# Forum Home Renovation Heating & Cooling  Small Split System Air Con - Advice Please

## tcns

Hi All,  
I picked up a Mistral 1HP Air Con at Bunnings yesterday for $379 - cheap as chips and comes with a 5 year warranty. I bought it because it was the last one there and I was really still deciding on what to do. (If I change my mind I can get a full refund under their 30 day policy thing)  
My question is has anyone had these or any experience with these ? 
I am just after a small unit for the bedroom of about 14m2. Also 
if any of you have picked up some different brands that you think are better - like all of us here I am half way between broke and too cheap to spend real money - I am looking for value.  
In reality I am sure this unit is only made to go for 5 years so if I got that out of it with some degree of reliability I would be happy otherwise I am open to suggestions  
Thanks in Advance  
Tom

----------


## Mowy

Hi, 
The installation cost is quite a bit so it might not be a bad idea to get a better brand. Also, does it come with all the necessary piping etc for installation? This will set you back $200 or so I think. 
Having said that though, my friend got 3 mistral splits a year ago. He says they work quite well. 
1HP unit will be plenty for a room that size. Anything bigger will actually be overkill.  
Mowy

----------


## tcns

Thanks Mowy, 
It is a full kit so it comes with everything which is good, I have been quoted $450 for install, I don't know how that compares but it seems ok. I am glad to have some feedback from an owner (or at least a mate of one) 
Tom

----------


## marineman

Hi Tom 
My first post. but I have a little experince with splits having installed four units at my place in FNQ.
I don't have any experience with Mistral, but it sounds like a reasonable price. the last units I installed were 2 x LG 9000 Btu 1 each in smaller bedrooms 9m2 each.
Generally I did all the drilling, hole cutting, and mounting and ran the wires in the roof. but I got a 'lecty to wire up and fridgy to set to work (evac and gas if required). 
if you get the system installed totally by a "professional" and be careful here, it can cost upto $500 depending on the location of your evap (indoor) and Condensor (outdoor) units. the last 2 LG I installed had 10m of pipe between the units. 
As i said I don't know about the mistral but one thing to check is the sound pressure rating (in dB) i have an Emailair 17000 btu for the lounge and the outside unit is rated at 67 dB and I wish I didn't as it's too noisy. the LG's and Panasonic have a outside dB rating of 60 and that about right. you don't even know there running most of the time. i mounted the LG's under my deck, don't even know that they are there. 
So if I were you I'd check the plaque on the side of the outdoor unit and if it's over say 63-65dB i'd be using that 30day return policy of Bunnies. units with a lower dB might cost a bit more but worth it. 
regards 
John 
You get what you pay for.

----------


## Barry_White

tcns 
My brother-in-law installed a 1½hp Mistral last year in his glass room and he couldn't be happier with it. I was there last week and it certainly kept the room cool on 32° day. 
The unit was pretty quite and you could not hear it from inside and it is outside his neighbors place and he doesn't complain about any noise. 
My friend who is a air conditioning contactor say that they are made in China but Mistral has been around a long time and Chinese stuff is getting better. 
As you say with a 5 year warranty thats only $76 a year which is really chicken feed and if it goes after 5 years a new one will probably be cheaper the way prices are going.

----------


## jackiew

> The unit was pretty quite and you could not hear it from inside and it is outside his neighbors place and he doesn't complain about any noise.

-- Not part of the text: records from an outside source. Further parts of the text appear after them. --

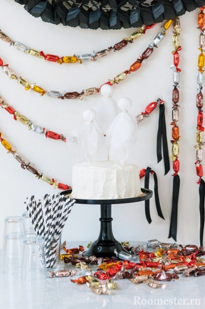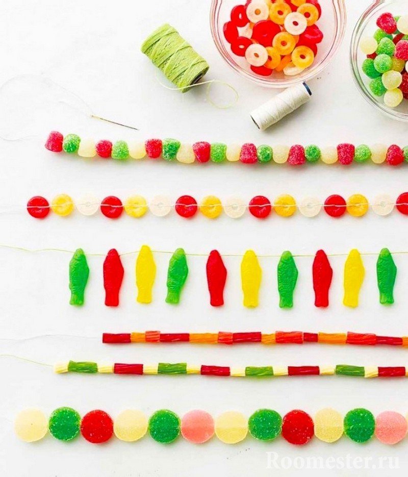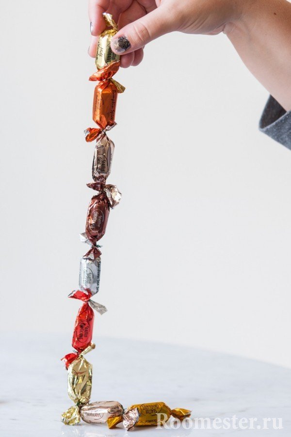 El tercer método es el que consume más tiempo, pero también parece mucho más interesante. Para una guirnalda, prepare una cuerda larga del largo que debe ser la decoración terminada. La cuerda debe ser lo suficientemente gruesa como para soportar el peso de todos los dulces. Usando cuerdas más delgadas o cintas de diferentes longitudes, ate cada caramelo por separado al cable principal. En este caso, cuanto más variado sea el dulce, mejor.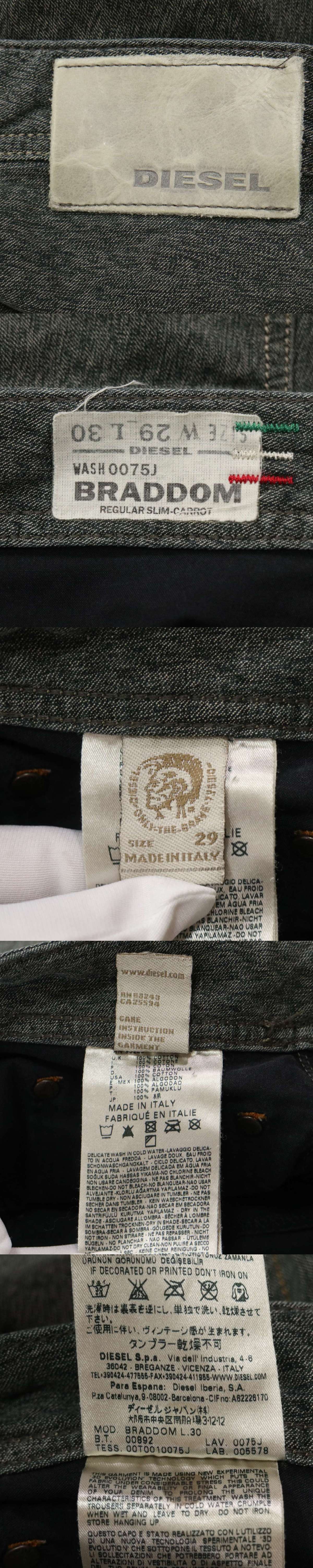 イタリア製★ DIESEL ディーゼル 【BRADDOM 0075J】 ダメージ加工 スリム キャロット デニム パンツ ジーンズ Sz.29 メンズ 收藏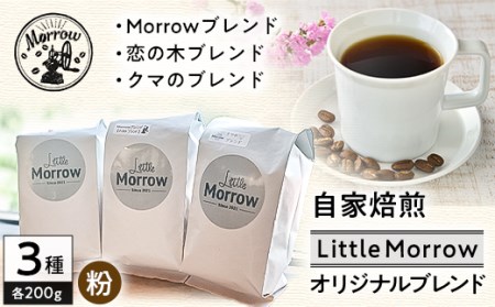 福岡県筑後市 自家焙煎 珈琲 Little Morrow オリジナルブレンド(200g×3種)【粉】【1239515】 10,000円 出典:ふるなび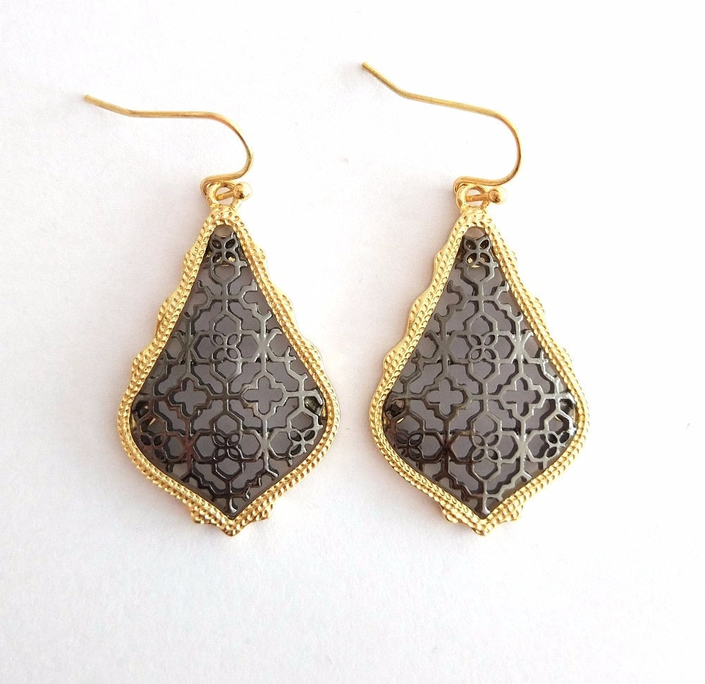 Filigree Tear Drop Bohemian Black And Gold Earrings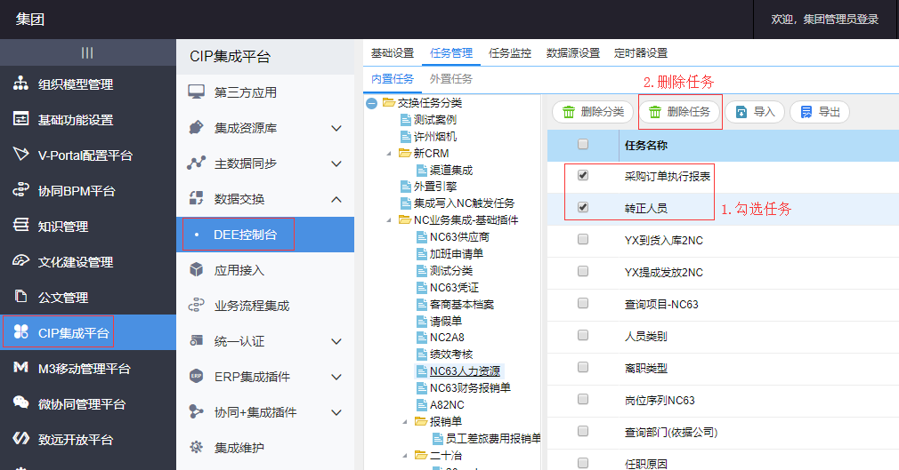 点击【任务管理】,选择任务分类,在任务中心列表,勾选需要删除的任务,点击删除按钮(已经启动的任务需要先停用在删除)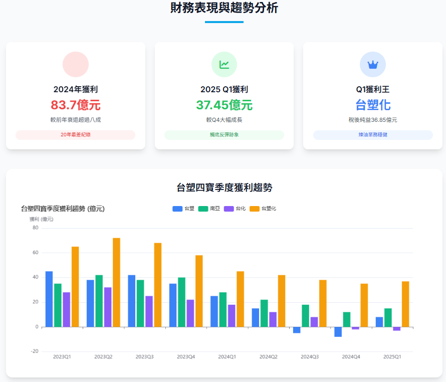 進入2025年第一季,營運出現觸底跡象。除台化仍小幅虧損外,其餘三寶均實現獲利,其中台塑化以稅後純益36.85億元成為獲利冠軍,帶動四寶單季合計獲利回升至37.45億元,較2024年第四季大幅成長。儘管如此,相較去年同期,整體獲利仍呈現衰退。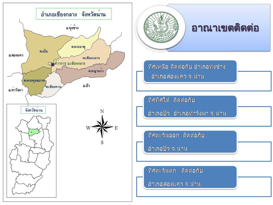 การปกครอง : อำเภอเชียงกลาง แบ่งการปกครองเป็น 6 ตำบล 60 หมู่บ้าน ประกอบด้วย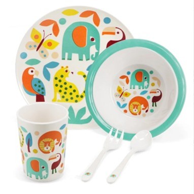 This 5 piece dinner set is made of lightweight and durable melamine and features a colourful wild animal design.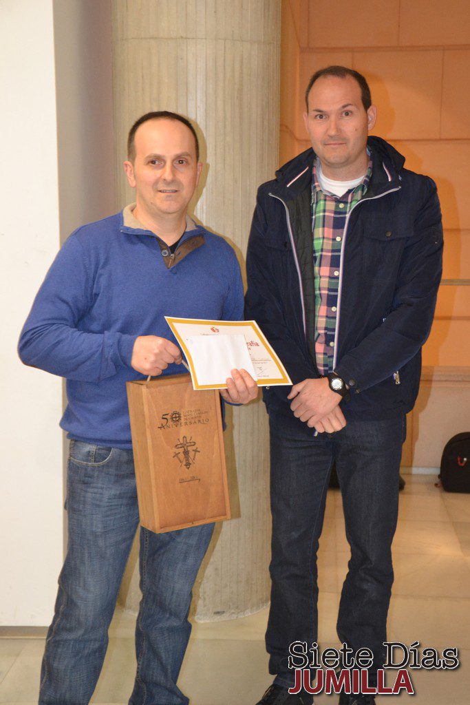 Hasta cuatro premios repartió la hermandad jumillana, comenzando por un accésit, dotado con cincuenta euros, que entregó la responsable del Aula de Cultura de CajaMurcia, María Dolores Pérez, a José Luis Miñano por su obra “Crucificado”.
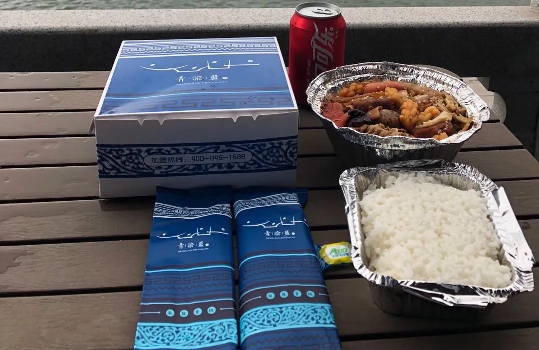 青渝蓝用的是铝箔纸包装盒,依靠材料本身的热保温原理,可以在送达的过程中持续加热。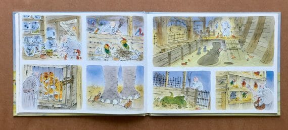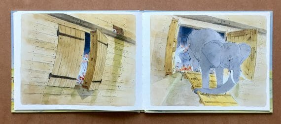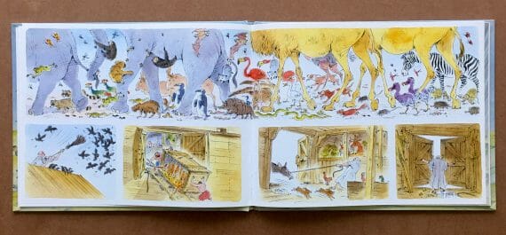 Plenty of humour is packed into each image. For instance Noah’s wife is so scared of the mice she has to jump up onto a basket, while Noah has trouble fending off the crows and yanking a reluctant donkey on board.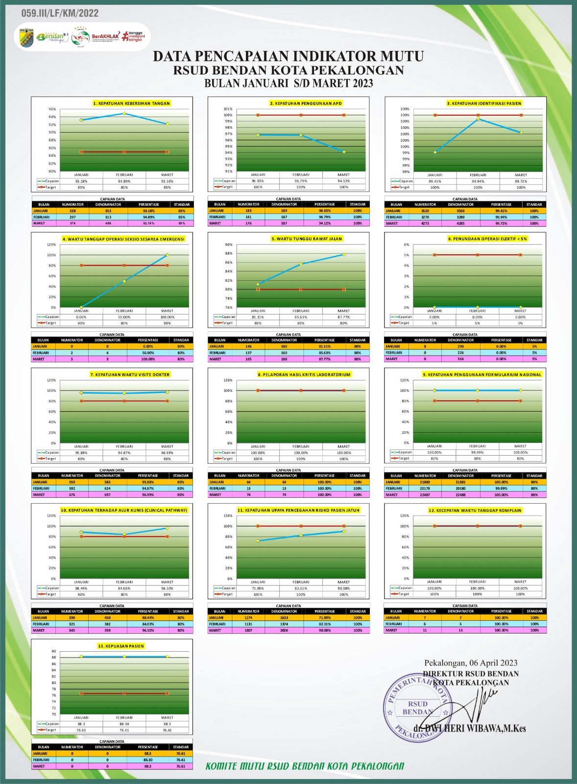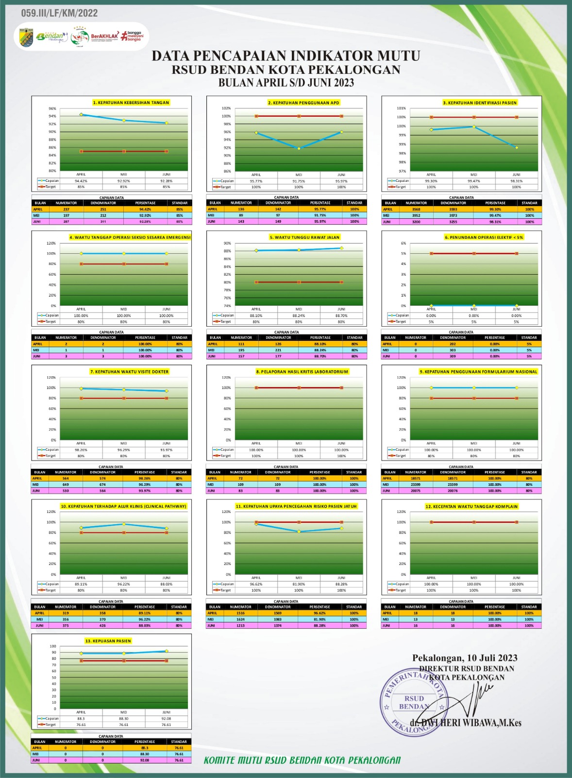 Indikator Mutu RSUD Bendan Kota Pekalongan Periode Bulan April - Juni 2023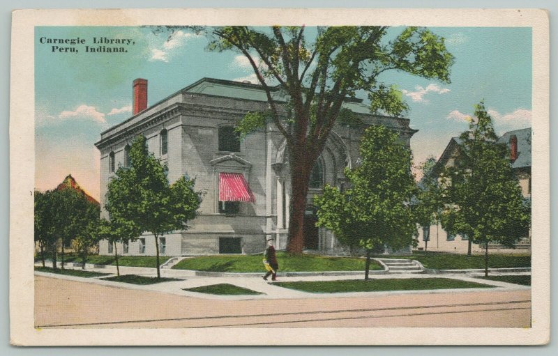 Peru Indiana~Carnegie Library~1920s Postcard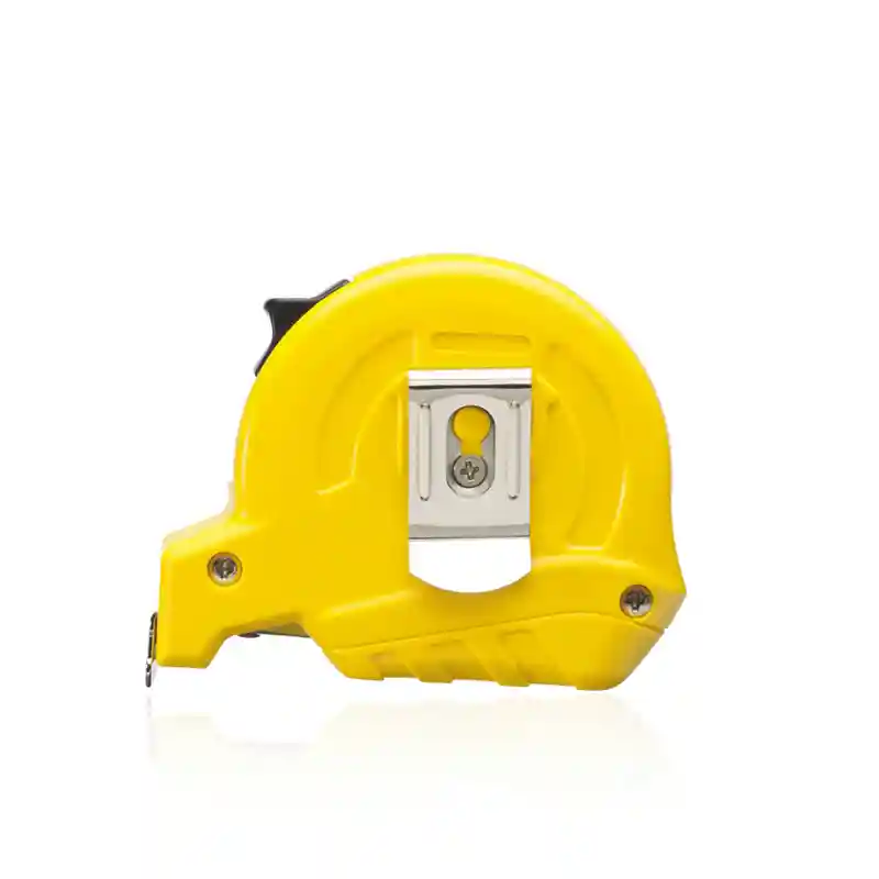 Steel measuring tape with clear yellow markings, offering accurate measurements and a practical design for everyday and professional use.

  just because they haven't complained  doesn't mean that it isn't noisy.  I hate my next door neighbour's air conditioner ( make and age unknown)  - it is clearly audible throughout my home ( especially in my bedroom) and clearly audible in my back garden despite being located towards the front of their home.    As the family includes an elderly lady and a handicapped child and as they do turn it off when they go to bed I haven't complained but the day the unit expires I for one will be rejoicing.

----------


## tcns

Checked the manual on line - the outdoor unit produces 45dB which I believe is more than acceptable IMO - our old in window unit was 65dB - neighbours won't know themselves, 
Thanks for all this feedback I am loving it, Thanks guys 
Tom

----------


## Barry_White

> just because they haven't complained doesn't mean that it isn't noisy. I hate my next door neighbour's air conditioner ( make and age unknown) - it is clearly audible throughout my home ( especially in my bedroom) and clearly audible in my back garden despite being located towards the front of their home. As the family includes an elderly lady and a handicapped child and as they do turn it off when they go to bed I haven't complained but the day the unit expires I for one will be rejoicing.

  jackie 
If its an old window unit they are the pits and you wouldn't be able to hear a 747 over some of them. But I think you will find a lot of smaller split system units are quite bearable. 
You could try growing some dense shrubs around the area.  
Although not making good neighbor relations you could always complain about it because there is a limit on the noise level they are allowed to make. 
The trouble with a lot of those old units they are like Berger paints "they just keep, keeping on". That is an old paint slogan for Berger Paints if you don't know what it is.

----------


## seriph1

What an interesting thread! I just got a quote of 1200 installed for a 1.65 HP split system. I think I will have to do more research. 
We were actually looking for one of those dual systems, that has one condenser unit and two outlets - one for living space - one for bedroom.

----------


## tcns

> What an interesting thread! I just got a quote of 1200 installed for a 1.65 HP split system. I think I will have to do more research. 
> We were actually looking for one of those dual systems, that has one condenser unit and two outlets - one for living space - one for bedroom.

  Two things Seriph1, 
1. There is a company (to whom I have no affilation) caller Ager Airconditioning at Underwood that has prices listed at $499 + install for a 1.0HP and $995 + install for a 2.5 HP. A friend has two of these units which come with a 5 year warranty and they run really well. I don't know how much install is but I would assume around the $450-$500 mark for a single - probably get a deal if you had two done. So it looks like you are pretty close to that price so you have probably done well 
2. If you get a "dual head" style unit keep in mind that when the system is running the smaller of your outlets it will still be using a huge fan and compressor to produce the cold air. What that means is that the running costs will be high for the smaller unit. As long as you factor that in, I don't know whether you can get an "inverter" model of this to save a bit of energy use ? Also factor in a higher cost for additional refrigerated lines and gas - I am not sure how much line or gas they come with standard but I would nearly guarantee that you will have to have additional lines and gas put in - not a big deal - probably a few hundred extra ?? (I am guessing here) 
Tom

----------


## John99

Just on neighbors and noise looking through my construction certificate for the extension I am putting on to the house. It said that I would need to lodge a new development application  if:  
1. I installed a air conditioner closer then 3 metres to the boundary 
or : 
2.   noise levels by the AC exceed 5dB over ambient backgroud noise measured at the boundary.   
I guess their looking at ways to reduce the noise that affects neighbors ??? maybe ?

----------


## seriph1

thanks heaps for the feedback TCNS - I am going to look further into it .... and may even install a refrig unit in the roof space as our ducted heating has capacity to do that....will likely cost a bunch more though. We have fully zoned heating through the home, which makes it viable if it's affordable.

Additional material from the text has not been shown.